Day 4:
Manipulating inequalities and the triangle inequality
Proposition. If \(x\in(1,2)\), then \(x^2-3x+2<0\).
Proof. Assume \(x\in(1,2)\). By assumption we have \(x>1\) and \(x<2\). From these we can deduce that \(x-1>0\) and \(x-2<0\). Hence, their product is negative, that is,
\[x^2-3x+2 = (x-2)(x-1)<0.\ \Box\]
Proposition. If \(x\in(-1,1)\), then \(x^2-x-5<0\).
Proof. Assume \(x\in(-1,1)\). The assumption that \(x>-1\) implies
\[x+1>0\] The assumption that \(x<1\) implies \(x<2\), and thus
\[x-2<0.\]
Thus we have
\[x^2-x-2 = (x-2)(x+1)<0.\] Adding \(-3\) we obtain
\[x^2-x-5<-3.\] Since \(-3<0\) we obtain the desired conclusion. \(\Box\)
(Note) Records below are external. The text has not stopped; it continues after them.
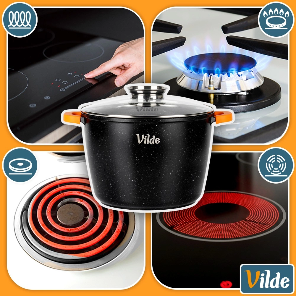 De meerlaagse bodem met inductieplaat zorgt voor een snelle warmteoverdracht en gelijkmatig koken op gas-, elektrische, keramische en inductiekookplaten.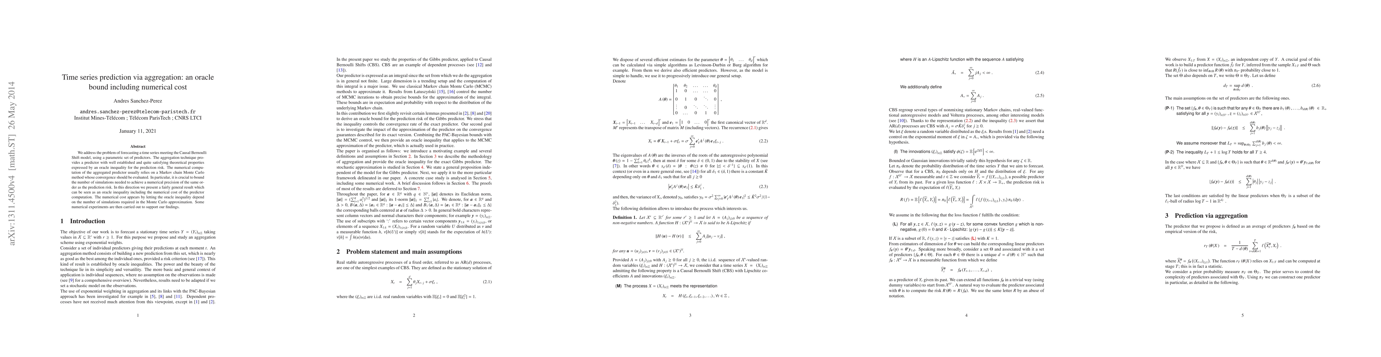 This paper presents a method for forecasting time series under the Causal Bernoulli Shift model using parametric predictors and aggregation technique. It establishes an oracle inequality for prediction risk and provides a general result to bound the number of simulations needed for numerical precision, considering computational cost.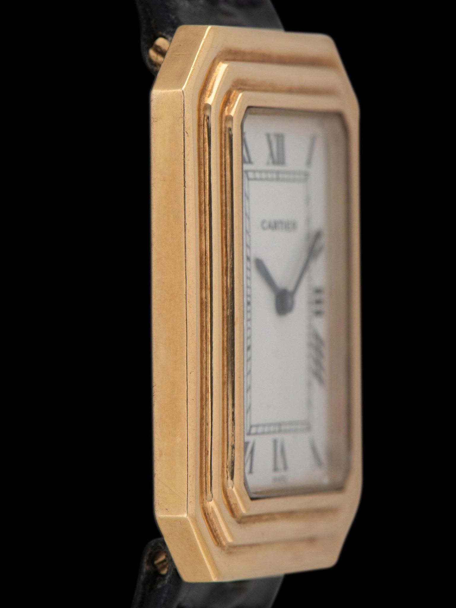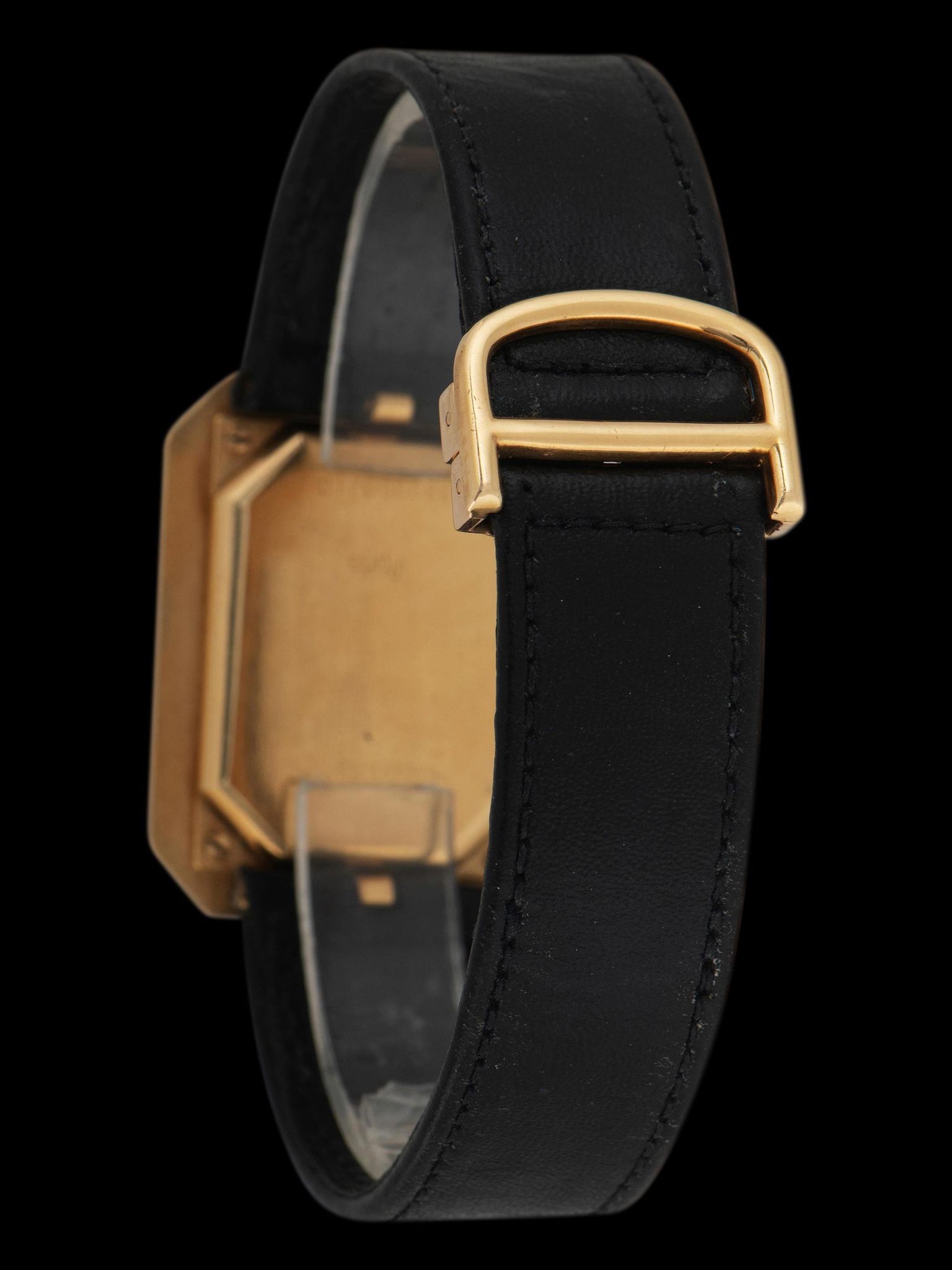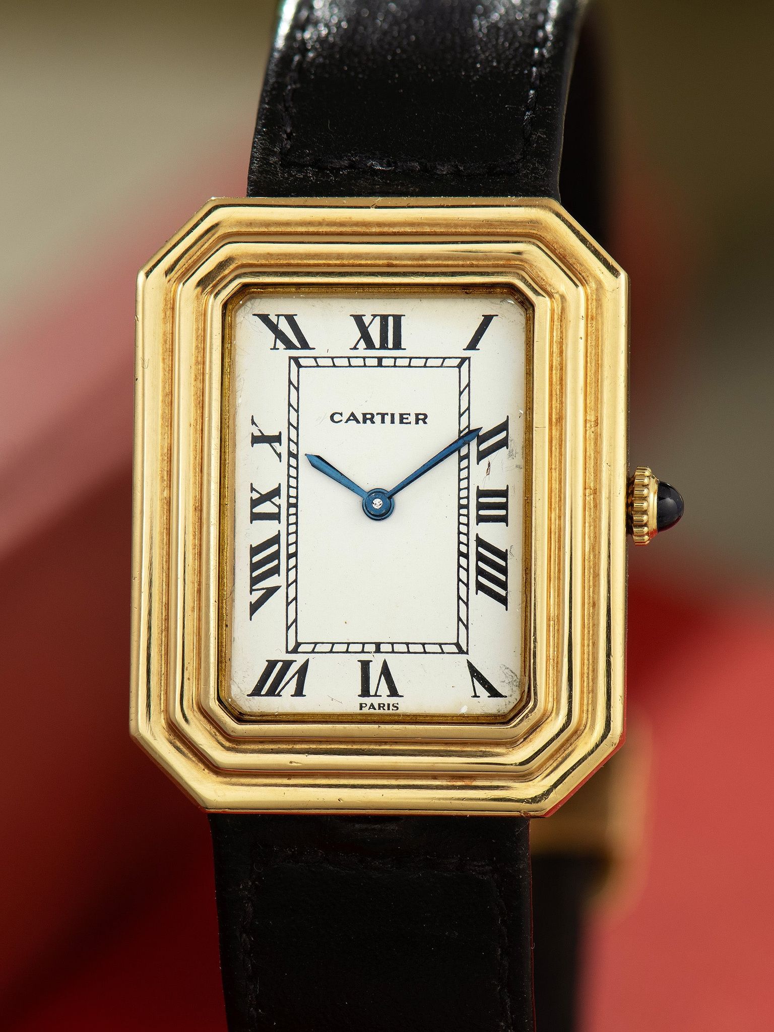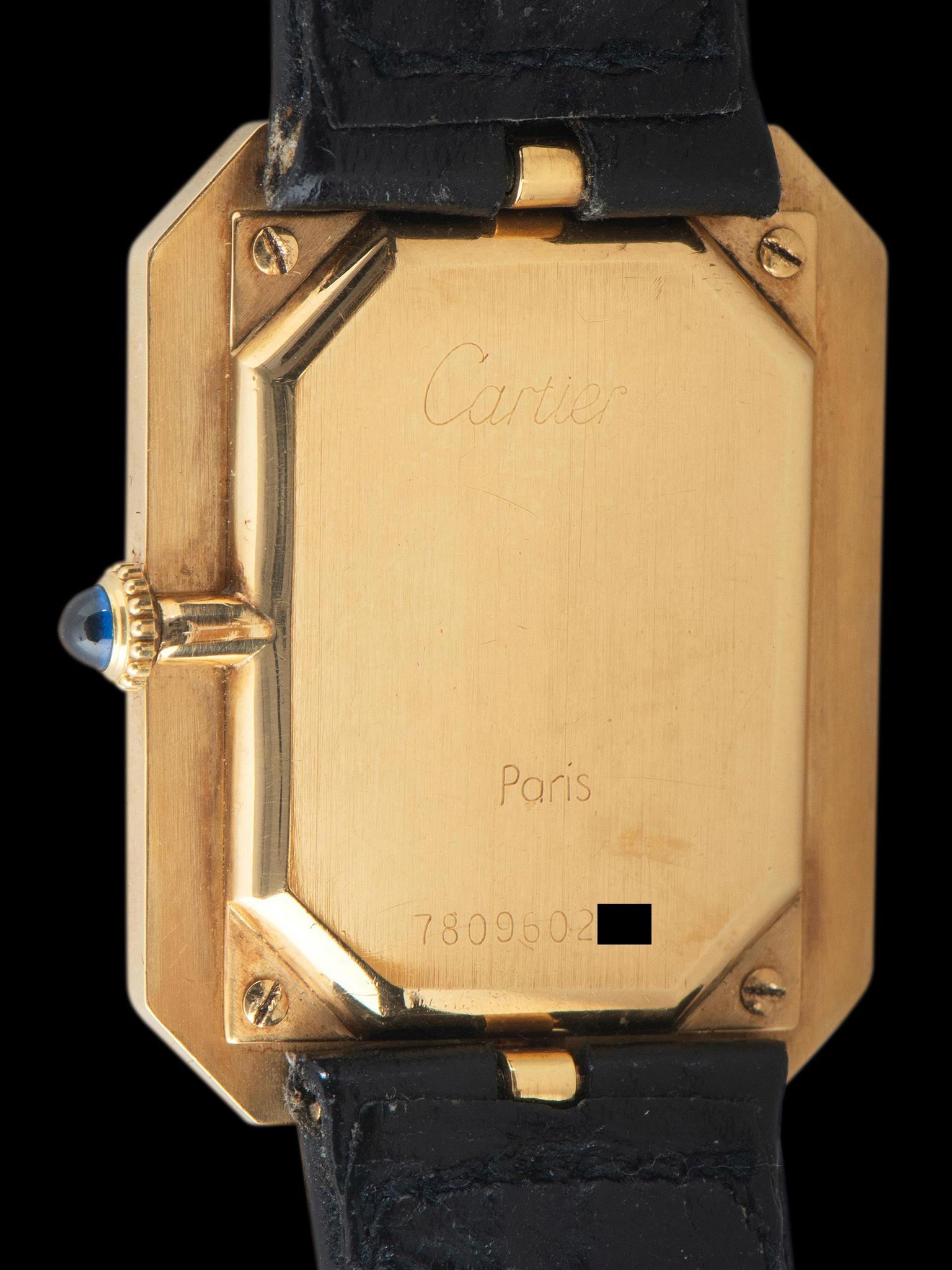 The large rectangular 18K yellow gold three-tier stepped case features hidden lugs underneath the case and remains in well-preserved condition, showing honest signs of gentle use and evidence of only being lightly polished in the past. The watch retains its original blue sapphire cabochon crown. The case back retains all of its factory engravings in fully present and legible condition. The watch comes supplied on a 2-piece black leather strap with an 18K yellow gold Cartier deployant buckle.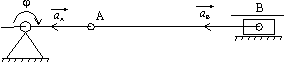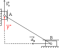 Ползун А движется под действием силы F с постоянной скоростью vA. Определить реакцию направляющей на ползун А в тот момент времени, когда ускорение ползуна Вравно ав = 4 м/с2, если масса однородного стержня АВ равна 5 кг. Массой ползунов пренебречь. |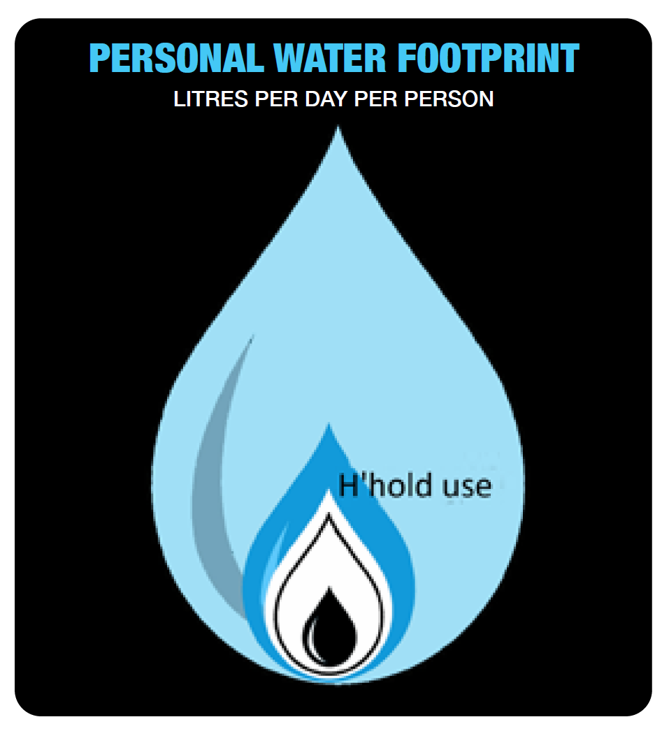 The Personal water target refers to the per capita use of water in the household, because that is the number publicised during droughts. The total water footprint is used to consider the impact of food choices on the water footprint of an individual.

The graph of \(y=x^2-x-5\) is shown below:
Proposition. If \(|x-3|<1\), then \(|x|<\)
4
Proof. Assume \(|x-3|<1\), then by the Triangle Inequality we have
\[|x| = |(x-3)+3|\leq |x-3|+|3| = |x-3|+3<1+3=4.\ \Box\]
Proof. Assume \(|x-3|<1\). This implies that
\[-1<x-3<1\]
and hence \[2<x<4.\] From this we see that \(x>0\) and hence \[|x|=x<4.\ \Box.\]